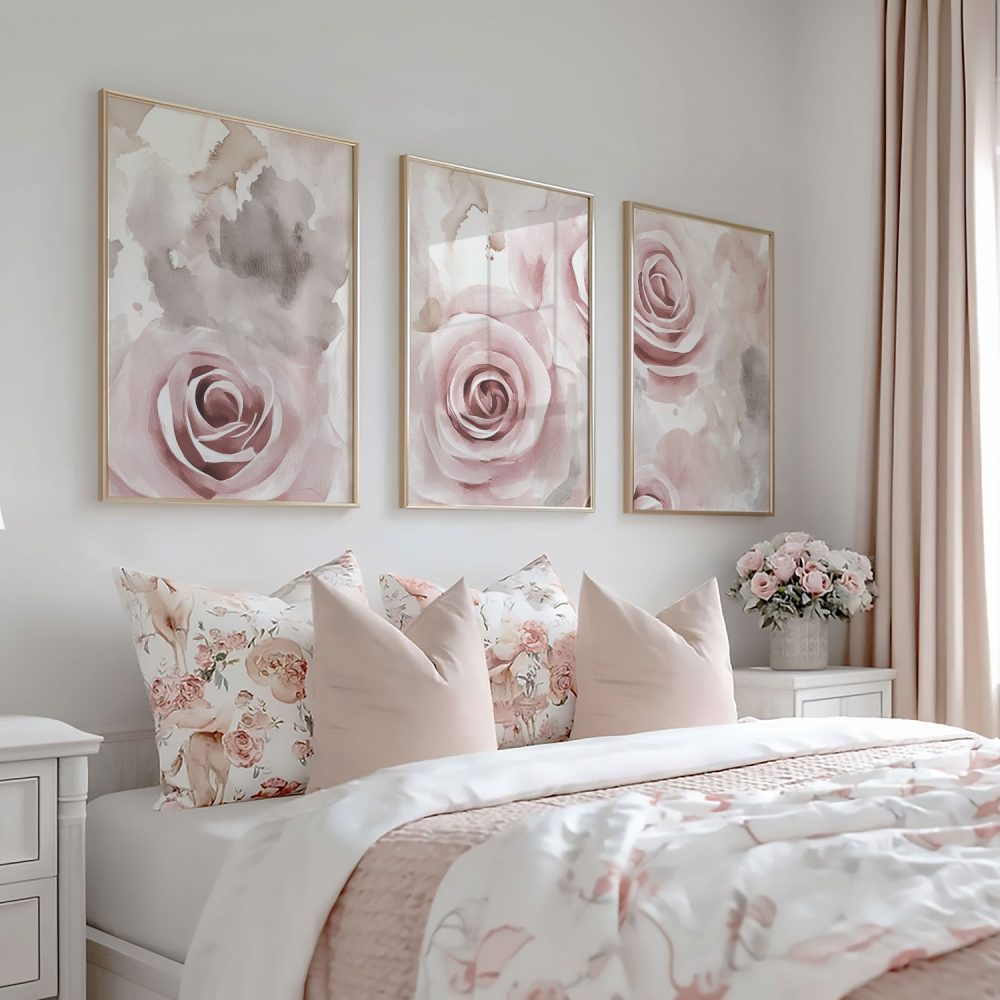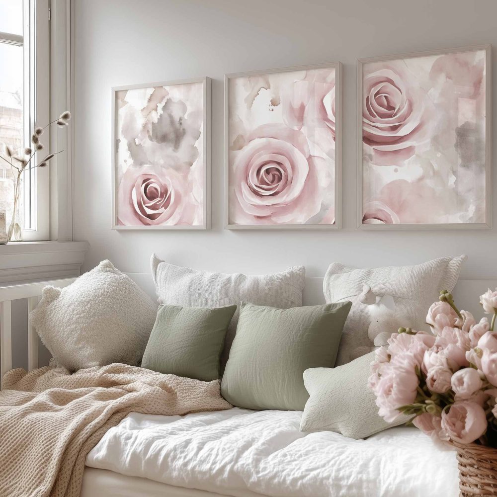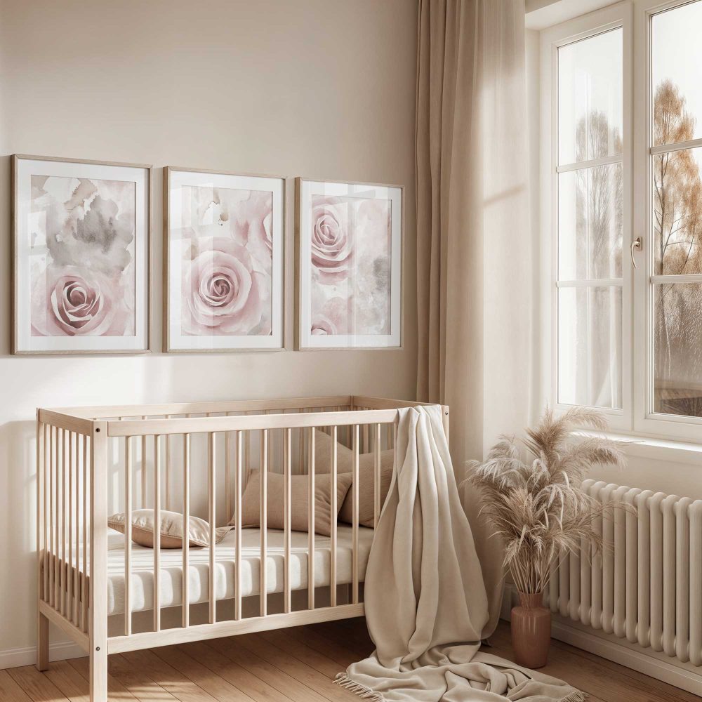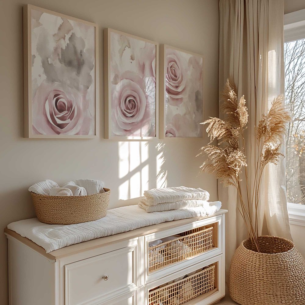 Terug naar collectie / Kinderkamer posters / Bloemen posters / Roze Rozen in Dromerige Watercolor Stijl
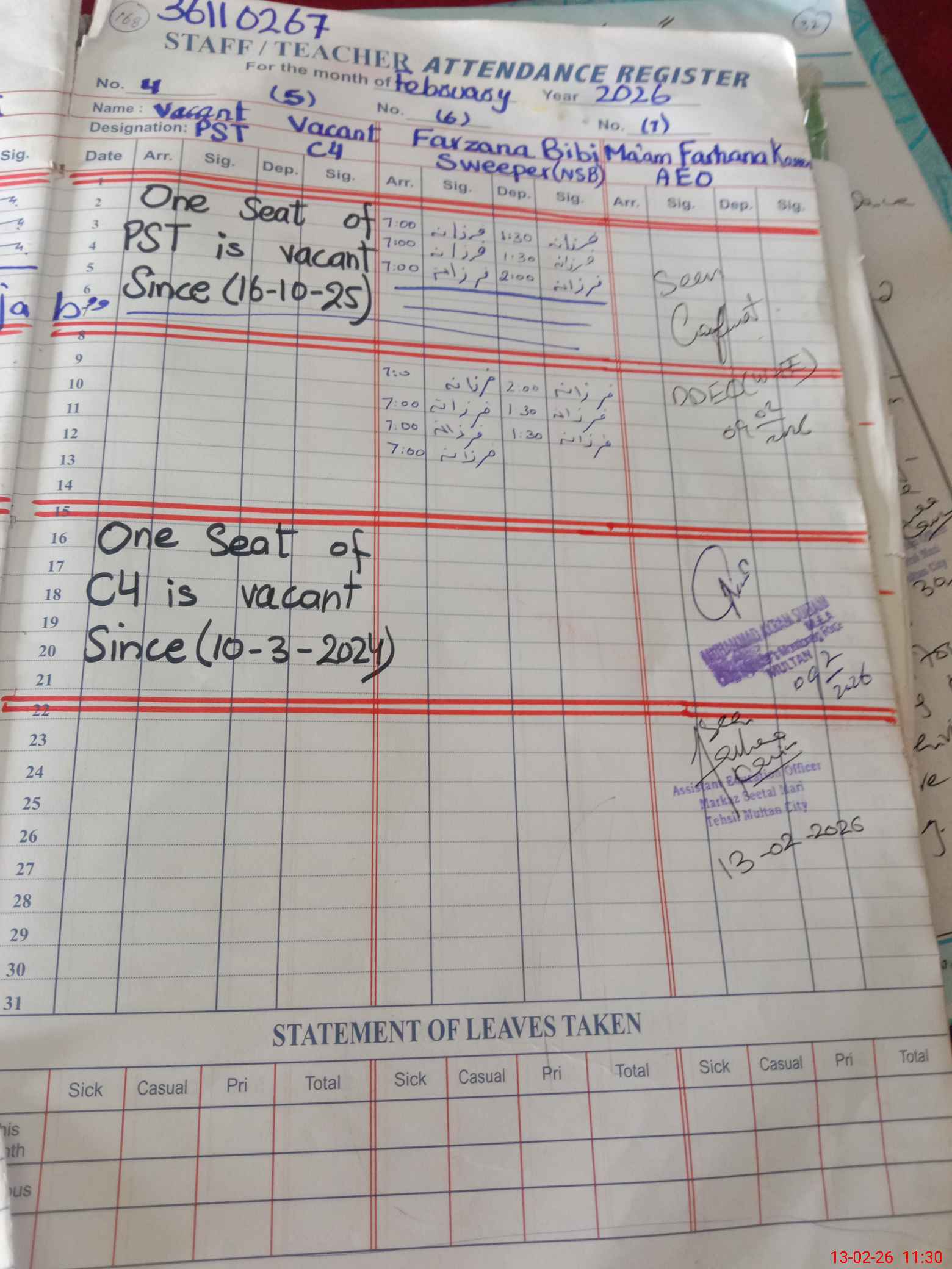 | CNIC | Full Name | Designation | R/C | Absence During Last Calender Month |
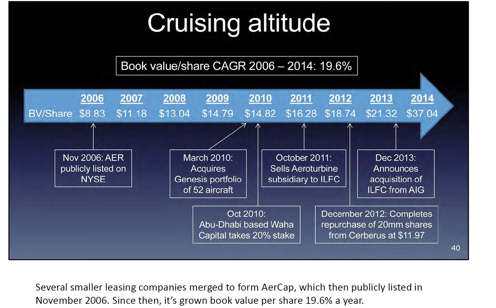 So how is this to be interpreted ? Well, clearly it was a smart move from AerCaps management to pay with its owns shares at such a nice price. On the other hand, one should clearly not mistake this a a recurring kind of thing. I would not use the historic 20% p.a. increase in ROE as expectation for the future but rather something like 13% or so in the past.
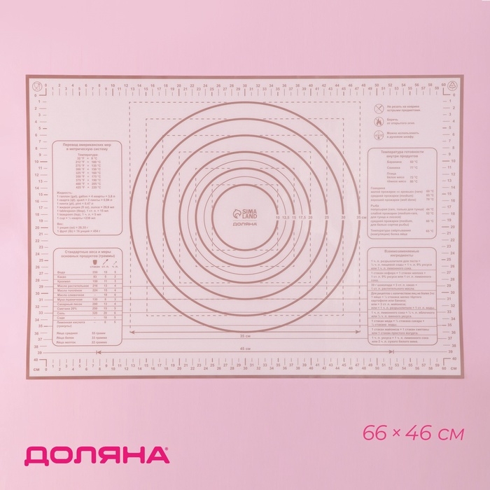 - Большой размер: 66x46 см – достаточно места для раскатки даже самого большого пласта теста и выпекания больших форм.
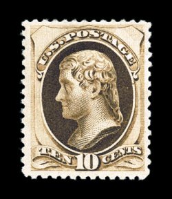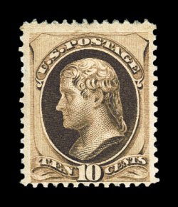 150 og 187 image#187, 10c Brown, without secret mark, uncharacteristically well centered within large margins, strong rich color, full o.g., lightly hinged, very fine; an exceedingly fresh and choice example of this very scarce mint Bank Note; photocopy of a 1985 PF certificate for a block of four, this being the top right stamp, as well as a 1992 PF certificate for the single; ex-"Vineyard". (Image) $3,500.00
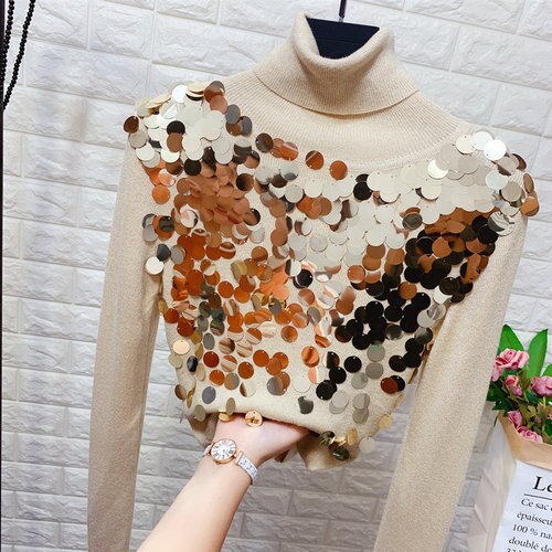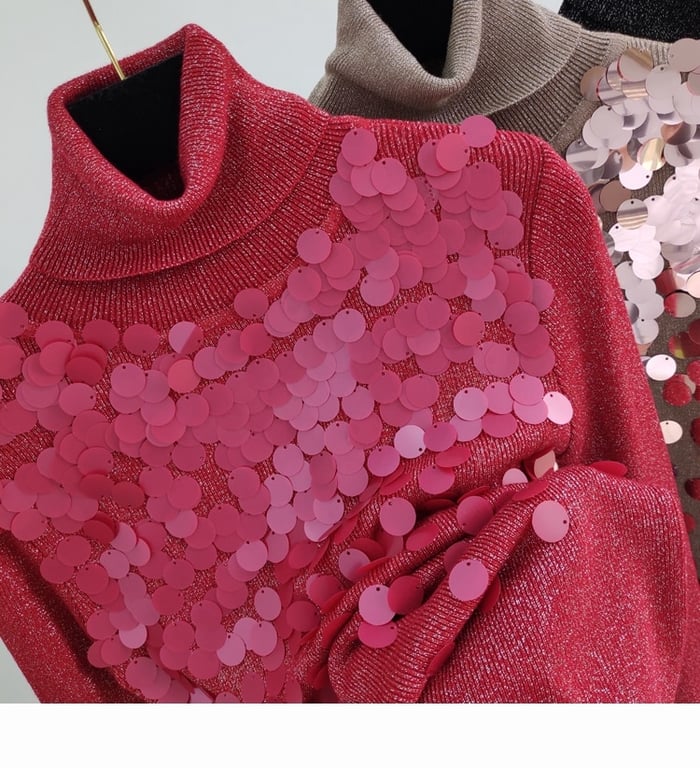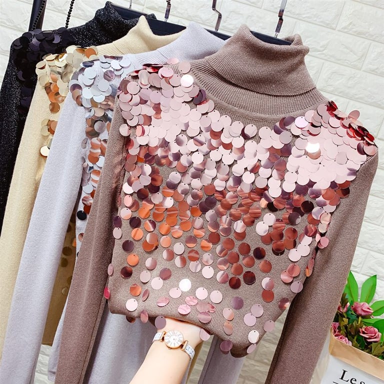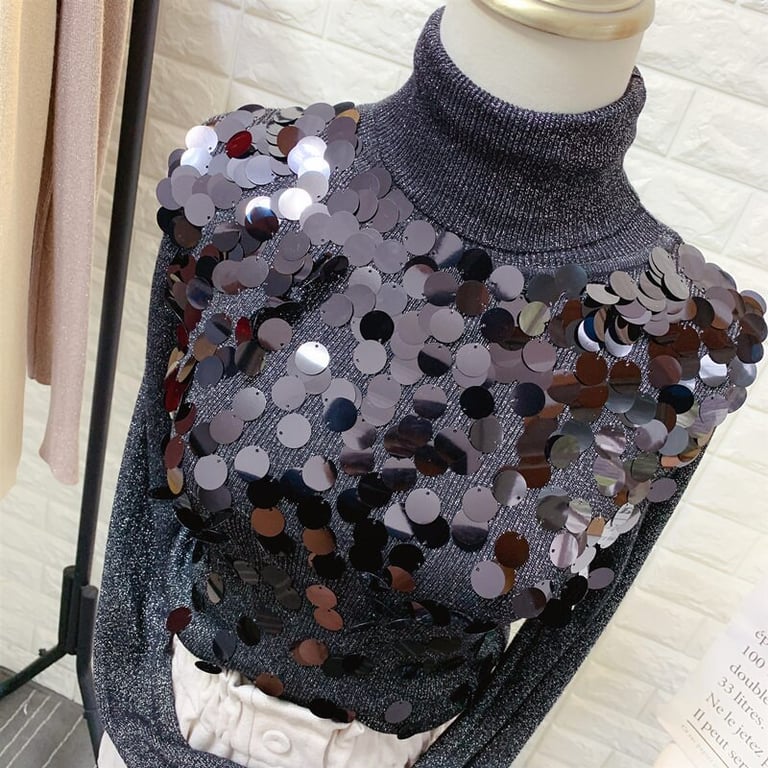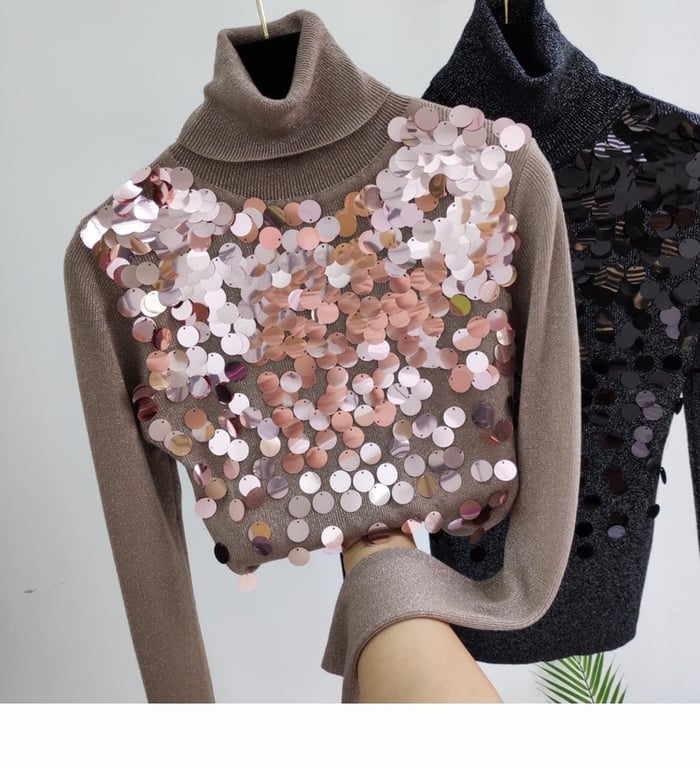 • It’s the large sparkling sequins that make this turtleneck an absolutely fascinating trendy outfit.
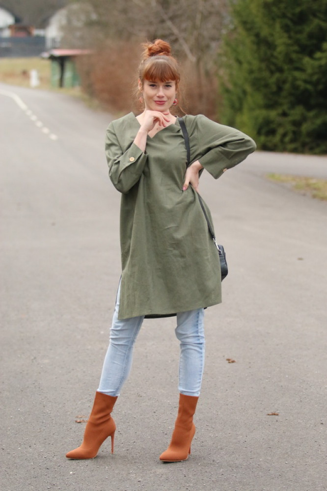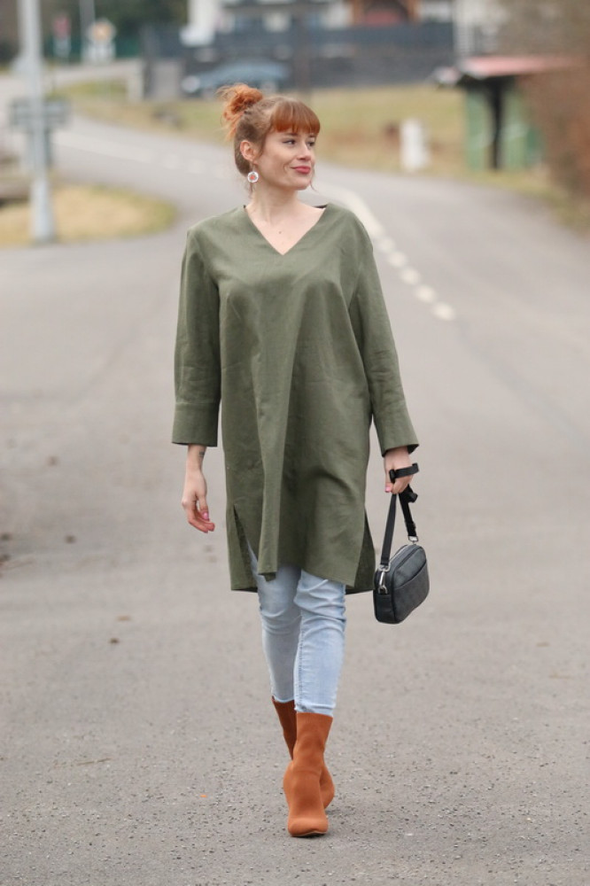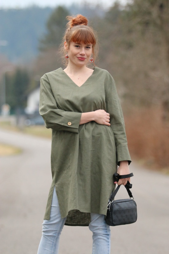 Véčkový výstrih opticky predlžuje krk a dodáva modelu jemnú eleganciu. Dlhé rukávy zakončené manžetou pôsobia upravene a robia z tuniky univerzálny kúsok vhodný na každodenné nosenie aj formálnejšie príležitosti. Minimalistický dizajn zvýrazňuje krásu prírodného materiálu a ľahko sa kombinuje s nohavicami, legínami aj sukňou.
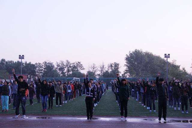 早晨6点40分公司的员工就早早的来到操场,为了展现公司的风采,我们学院的员工统一着深色服装。比赛开始,同学们一个个都精神饱满的站在操场上,他们的舞姿整齐划一又充满活力。正所谓奇舞飞扬,舞动青春,大一新生活力无限。
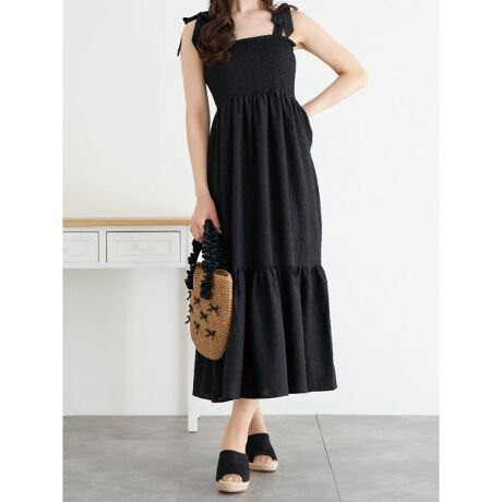 肩のリボンとフレアなシルエットがフェミニンムードなワンピース。
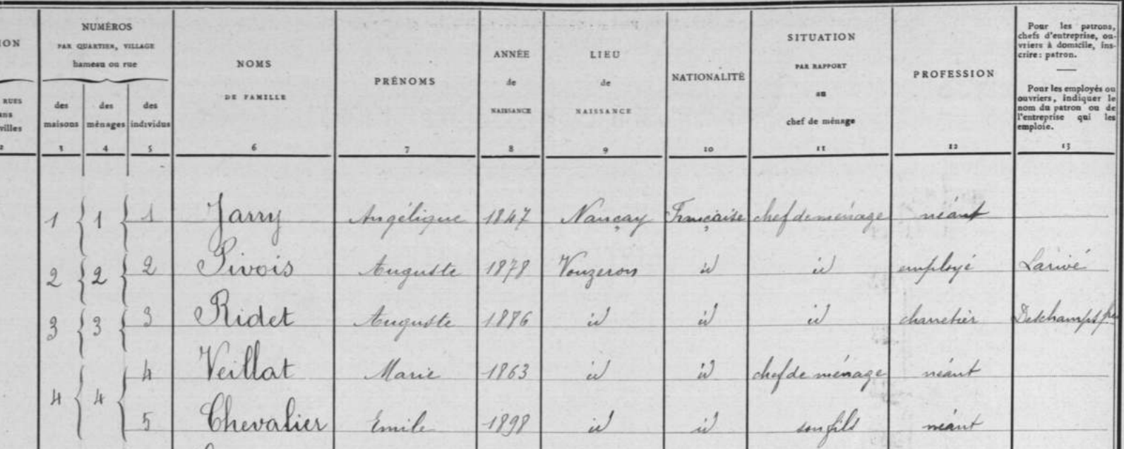 Le recensement de 1906 m'éclaire sur leur situation puisqu'ils sont indiqués comme résidant au bourg de Vouzeron.
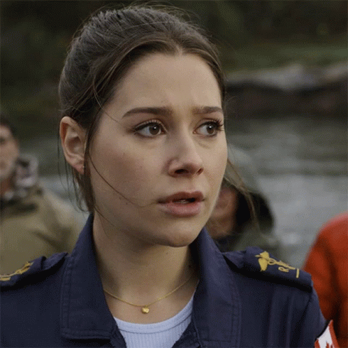 Natasha Calis as Hayley in Skymed, looking concerned with the on-screen text 'WHAT HAPPENED?'.
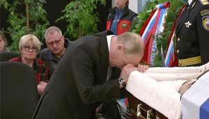 The president fed the coffin twice and kept his head close to it. Vladimir Putin is considered a physically and emotionally strong man.

......

Could the stretch from the line with "Le recensement de" through the line with "Natasha Calis as" in the listing above be restated word for word, minus the pictures?

> ANSWER SECTION
 Le recensement de 1906 m'éclaire sur leur situation puisqu'ils sont indiqués comme résidant au bourg de Vouzeron.
 Natasha Calis as Hayley in Skymed, looking concerned with the on-screen text 'WHAT HAPPENED?'.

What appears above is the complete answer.